蚊がネペタラクトールを忌避するか調べた実験の結果(岩手大学提供)
蚊がネペタラクトールを忌避するか調べた実験の結果(岩手大学提供)

 一連の実験を通じ研究グループは、ネコのマタタビ反応がネペタラクトールを体に擦りつけるための行動で、これによって寄生虫やウイルスなどを媒介する蚊を避けていることを解明。「ネコはなぜマタタビに反応するのか」という長年の謎に決着をつけた。

 ネコとイヌには共通の祖先がいるが、ネコに進化した方のみがマタタビ反応を身に着けた。なぜネコ科だけだったのかの解明は、研究の宿題として残った。今後はマタタビ反応の原因の遺伝子を特定し、ネコ科がマタタビ反応を示すに至った進化の過程を明らかにしたいものだ。

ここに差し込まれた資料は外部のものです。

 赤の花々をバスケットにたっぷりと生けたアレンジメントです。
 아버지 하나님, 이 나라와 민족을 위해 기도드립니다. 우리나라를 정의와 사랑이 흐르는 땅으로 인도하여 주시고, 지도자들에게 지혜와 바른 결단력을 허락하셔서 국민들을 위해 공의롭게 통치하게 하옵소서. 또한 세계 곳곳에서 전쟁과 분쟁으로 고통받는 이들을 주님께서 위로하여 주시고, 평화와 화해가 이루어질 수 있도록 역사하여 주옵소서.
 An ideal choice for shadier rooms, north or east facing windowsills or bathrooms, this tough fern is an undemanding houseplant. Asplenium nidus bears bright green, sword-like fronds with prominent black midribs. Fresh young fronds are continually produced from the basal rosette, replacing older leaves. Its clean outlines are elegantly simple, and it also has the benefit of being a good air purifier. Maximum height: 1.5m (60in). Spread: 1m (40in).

 上野山さんは、現時点での議論をこう説明する。「ネコ科の動物は肉食で、茂みの中という蚊に刺されやすい場所にしゃがみ込んで獲物を狙います。こういう習性を持つネコ科動物の祖先にとって、植物の匂いをつけて蚊をよけることが有益で、行動を身に着けたと考えています」。都合のよい習性を身に着けるうち、進化の過程でそれが遺伝子に組み込まれ本能になったのかもしれない。

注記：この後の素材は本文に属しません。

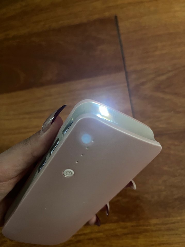 Bu beyaz taşınabilir power bank, birden fazla USB portu ve kullanışlı LED el feneri içerir. Kompakt ve taşıması kolaydır.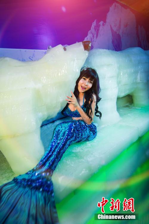 At the snow carnival being held at the scenic spot of Longhu Mountain, southeastern China's Jiangxi province, a sexy girl wears blue mermaid costume to attract visitors despite the temperature of minus 10 degrees Celsius. (CNS Photo)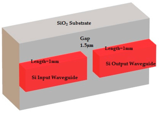 In this section, the design and modal analysis of a single mode SOI waveguide structure to operate at a wavelength of 1550 nm is presented. The SOI waveguide is designed at infrared region of light spectrum (1500–1600 nm) for single mode operation. Figure 6 shows the geometrical design details of a SOI optical waveguides with gap distance of 1.5 µm. It consists of silicon core, input waveguide and output waveguide having dimensions of 500 nm (waveguide width), height of 250 nm, and length of 1 mm. One of the important parameters used in the design is the cut-off height of the waveguide and is calculated by Equation (8) [21]:

 以上の成果は米科学誌「サイエンスアドバンシズ」に21日掲載された。

研究成果のまとめ(岩手大学提供)
研究成果のまとめ(岩手大学提供)

殺虫効果も判明し、特許申請に発展

 今回の研究を通じ、ネペタラクトールに蚊の殺虫効果があることも判明している。蚊がネペタラクトールを忌避する効果を調べようと実験したところ、予期せず全て死んでしまったことから分かった。宮崎さんらを発明者とし、岩手大学と名古屋大学が特許を申請している。日本脳炎やジカ熱などの伝染病を媒介する蚊の忌避剤を開発する可能性も出てきた。

 一連の研究には岩手大学と名古屋大学のほか、英リバプール大学、京都大学が参画し、これに宮崎さんの研究室のネコ25匹と野良ネコ30匹が協力している。

上野山さん(左)と宮崎さん(岩手大学提供)
上野山さん(左)と宮崎さん(岩手大学提供)

 猫が大好きという上野山さんは「人間の身近な伴侶であるネコの謎に、大きな答えを出せたことに喜びを感じます。ネコだけが本能行動となるための遺伝子をどうやって獲得したのか。進化の謎の解明へ向け、全力で研究を続けます」。宮崎さんは「もともと、なぜ猫だけが反応するのかという素朴な興味で研究者が集まりました。特許を申請するようなオチになるとは思いもせずに。基礎研究の醍醐味の一つだと感じています」と語っている。

 この成果が明らかになるや、国内外のメディアから取材が殺到しているという。身近で当たり前のようでいて、意外に残っている謎を解明することには、社会の関心が実に大きい。こうした研究を通じ、科学者にとって「ネコにマタタビ」級の成果が生まれることを物語ってもいる。